The fact that Breaking the Silence does not reveal the names of the
soldiers who give testimony, so that they do not face prosecution around
the world or even in Israel, did not help. They are all fighting the
occupation — that is their real crime. Instead of going to speak on
television panels about the need for a “political horizon,” they tried
to do something about the reality here. The occupation is the ruler, and
it eliminates its opponents. Not because they are strong or threaten
it, but because there really is no other way. Because the project of
control in the occupied territories is in crisis, and we need to place
the blame on someone.
The Right’s vision
It is no coincidence, of course, that Ad Kan’s campaign is backed by the publicly funded Samaria Settler Council,
and that Regavim — which spends huge sums on tracking human rights
organizations — is also backed by state-funded local councils in the
West Bank. Ta’ayush, on the other hand, is run entirely by volunteers.
Now it seems that the only people who actually received money for their
trips to South Hebron Hills were Ad Kan’s moles, possibly funded by
Israeli taxpayers.
The
state and the Right are joining hands because the occupation is the
state. Guy Butavia discovered in his interrogation that the questions he
was asked by the police were passed on by Ad Kan. Israeli police in the
West Bank, a division of the Israel National Police that is totally
incompetent when it comes to solving recurring attacks against
Palestinians — and which closes investigations into people who attack
left-wing activists in broad daylight and in front of the cameras —
suddenly acted with maximum efficiency in response to the Uvda
investigation. Ezra Nawi was arrested at the airport despite the fact
that there was no order preventing him from leaving the country. Why?

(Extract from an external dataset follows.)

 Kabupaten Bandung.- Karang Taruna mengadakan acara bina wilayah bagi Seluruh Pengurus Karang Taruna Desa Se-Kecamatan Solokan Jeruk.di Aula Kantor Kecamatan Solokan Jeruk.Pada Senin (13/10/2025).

How? Who cares. The arrestees were prevented from meeting with their
attorneys, as if we were dealing with a “ticking bomb.” Not only were
these blatantly political arrests, the most basic rights of the
detainees were suspended.
Something
dawned on human rights organizations and anti-occupation activists this
week. It seems clear to all that a new campaign has begun. Much of the
public is apathetic toward the Ta’ayush arrests, as goes for all
political persecution. In history classes we used to ask ourselves how
the “silent majority” and the “good people” allowed for such horrible
things to happen. Now the answer is clear: if someone is being
persecuted, there was probably a good reason, and the majority of people
continue living their lives, because that is what people do. The
weakness of Israel’s left-wing parties is far less clear to me. They are
still playing the old game of trying to wedge themselves into the
mainstream while the reality has changed completely.
It
must be repeated: the Right has no solution for the current situation.

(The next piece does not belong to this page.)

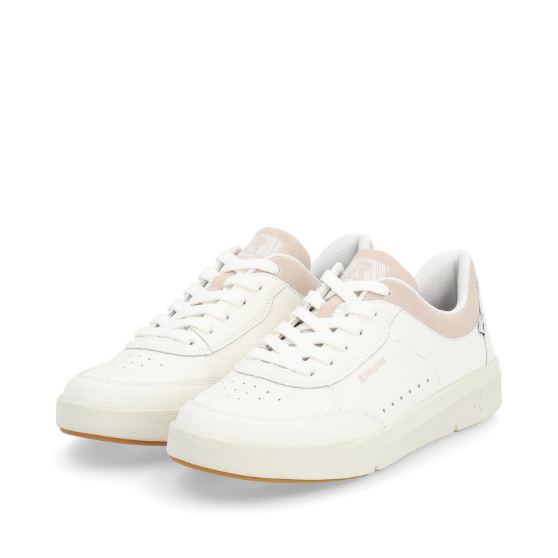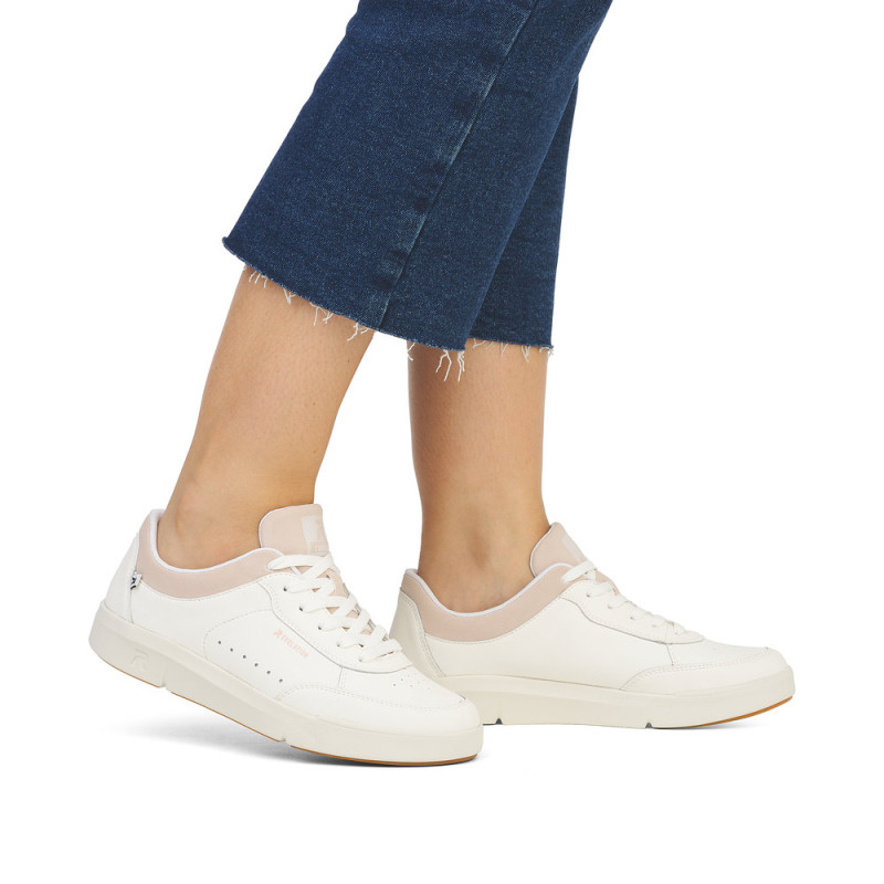 Baltos spalvos, moteriški sportiniai bateliai su 3,5 cm padu.

The Palestinians will continue to resist the occupation, even if all the
human rights organizations are shut down. Even if Israel manages to
silence the Palestinians for a month, a year, or five. Those who view
Arab citizens of Israel as enemies will turn them into enemies. Those
who view Israelis who oppose the occupation as traitors won’t stop
there. The only vision the Right is presenting is a civil war between
Jews and Arabs, and between Jews and Jews. The only thing preventing
that from happening is Israel’s sheer military strength. But desperation
will also find a way to break through even that. With every day that
passes, the price of changing direction only rises, and those who are
able to step on the brakes prefer to sit on the fence.